Comments to the Authors:

Please note here if the review is uploaded as an attachment.

Reviewer #1: The authors present computational work showing that RNN can learn to represent prior and likelihood information in a close-to-optimal manner by obeying Bayes rule, and that this is accomplished by separated submodules that specialize to represent the prior with slow neurons and the likelihood with fast neurons. Overall, the paper is interesting and provide some novel results.

The introduction can be improved. It does not make justice to the interesting results that follow in the Results section. Also, in general the quality of English can be improved.

I wonder what would be the optimal architecture in the limit where p_t (the transition probability) goes to zero. I would assume that in this limit no modular architecture is needed, as the prior is fix and does not change over time (and it can be stored in the weights of the network). Could the author perform simulations of this case, and compare to the limit of p_t going to zero, as in Fig. 3b?

More details describing the learning method is needed. It is unclear how learning works when the prior distribution is changed over time with probability p_t. Is the prior relearn at each step? Or one uses all the data to train the network? For how long episodes? If yes, the network will naturally adapt to the time scale of the changes, but more discussion is needed.

The authors claim in the discussion that in the brain different subnetworks are in charge of encoding priors and likelihoods. I think that the authors are right that generally speaking slow, high level variables are encoding in higher brain areas than fast, low level variables. However, there are some exceptions. For instance, in the work by Mochol et al, Current Biology, 2021, it is shown that prefrontal cortex encodes both priors and likelihoods in the same brain area. Therefore, I would rewrite the discussion and being more cautious about this.

In Fig. 8, I would not use transparent colors to display the distributions.

Line 3: animal brain -> animal brains

Line 83: are the noise terms assumed to be independent

Line 88-89: ‘and’ in cursive

Line 208: unclear why y depends explicitly on s. I thought that it would depend only on x_m explicitly.

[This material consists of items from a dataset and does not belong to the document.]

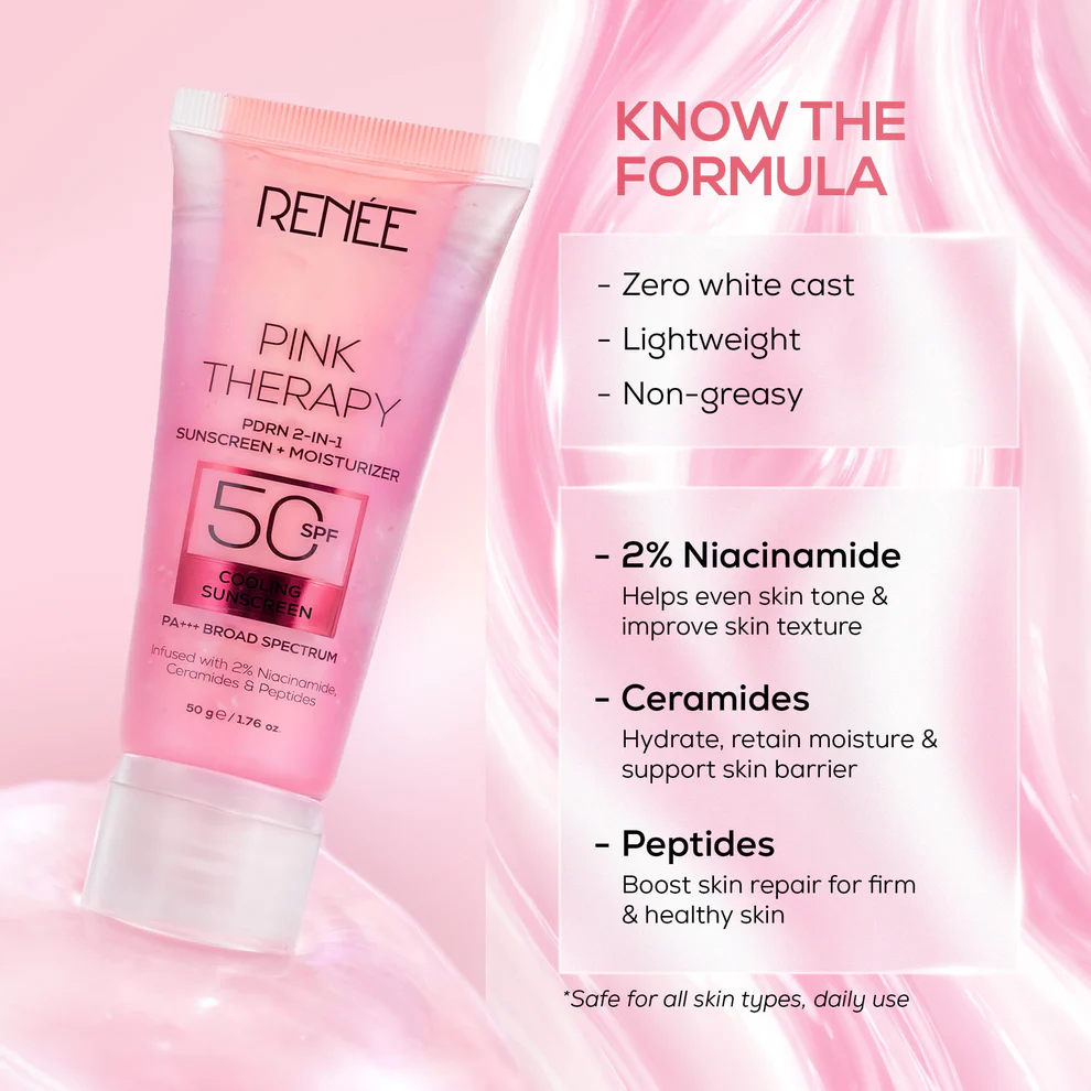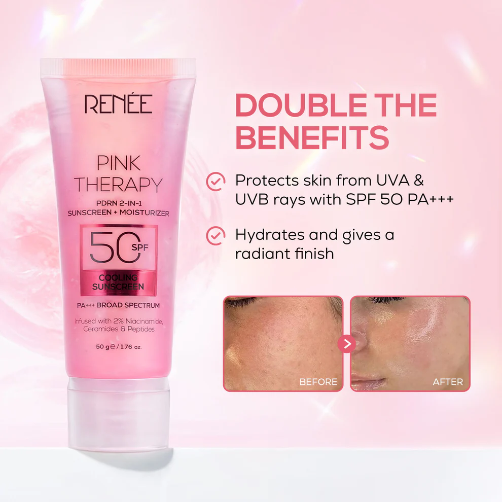 Enjoy the benefits of sun protection & hydration with RENEE PDRN 2-In-1 Sunscreen + Moisturizer SPF 50 PA+++. Enriched with Vegan PDRN, Niacinamide, Ceramides & Peptides, this 2-in-1 hydrating sunscreen helps brighten and even skin tone without leaving any visible white cast. It promotes skin repair and barrier strength while delivering a cooling sensation upon application. It’s lightweight and non-greasy texture makes it ideal for use under makeup. Upgrade your routine with RENEE’s PDRN 2-In-1 Sunscreen + Moisturizer designed for fresh, healthy-looking skin.
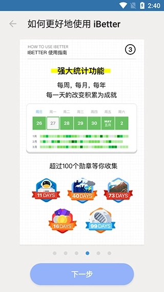 iBetter app提供100个超酷勋章,供你解锁,还能分享你的里程碑给朋友们。
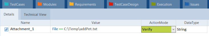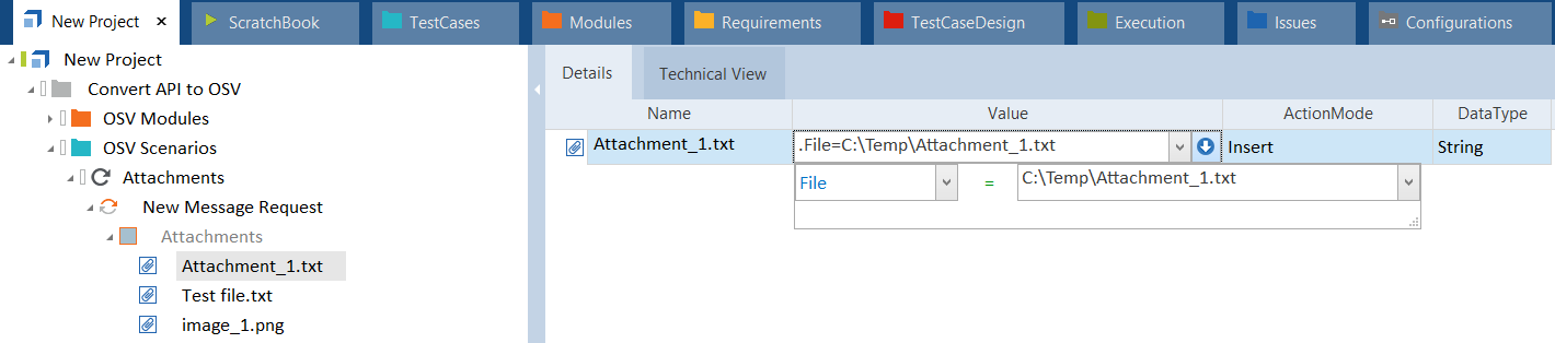 In diesem Beispiel überprüfen Sie einen Anhang in Ihrer Response-Nachricht. Das bedeutet, dass Sie mit OSV überprüfen möchten, ob der Inhalt einer Datei dem Wert des Attachment-Modulattributs entspricht. Dazu erstellen Sie ein Attachment-Modulattribut. Dann navigieren Sie zu Ihrem XTestschritt und wählen den Anhang aus. Sie fügen das Aktionsproperty File und den Dateipfad in der Spalte Value hinzu. Um zu überprüfen, ob der Inhalt der Datei dem Wert des Modulattributs entspricht, stellen Sie ActionMode auf Verify.
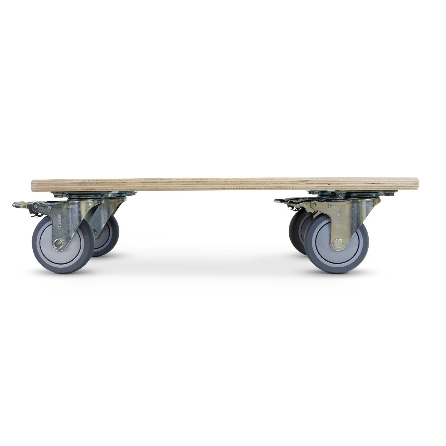 Las cuatro ruedas con freno proporcionan un control óptimo al mover y estacionar la carga, lo que hace que esta plataforma rodante sea muy adecuada para uso profesional en almacenes, talleres o en mudanzas. Elija comodidad y seguridad con esta fiable plataforma rodante para muebles.

Reviewer #2: When performing Bayesian inference, the "prior" often changes abruptly, and for inference to be accurate these changes must be tracked. Here the authors investigate a modular network with both slow and fast timescales. They find an optimal timescale in the slow network. And, they also show that the timescale, and modular structure, can be learned, something that is very important.

Overall, this is an interesting paper that, I think, should be published. However, I got pretty lost in places, and the authors should clarify things before it's released to the public. The following comments should clarify my confusion (and also point out other issues, which were more minor).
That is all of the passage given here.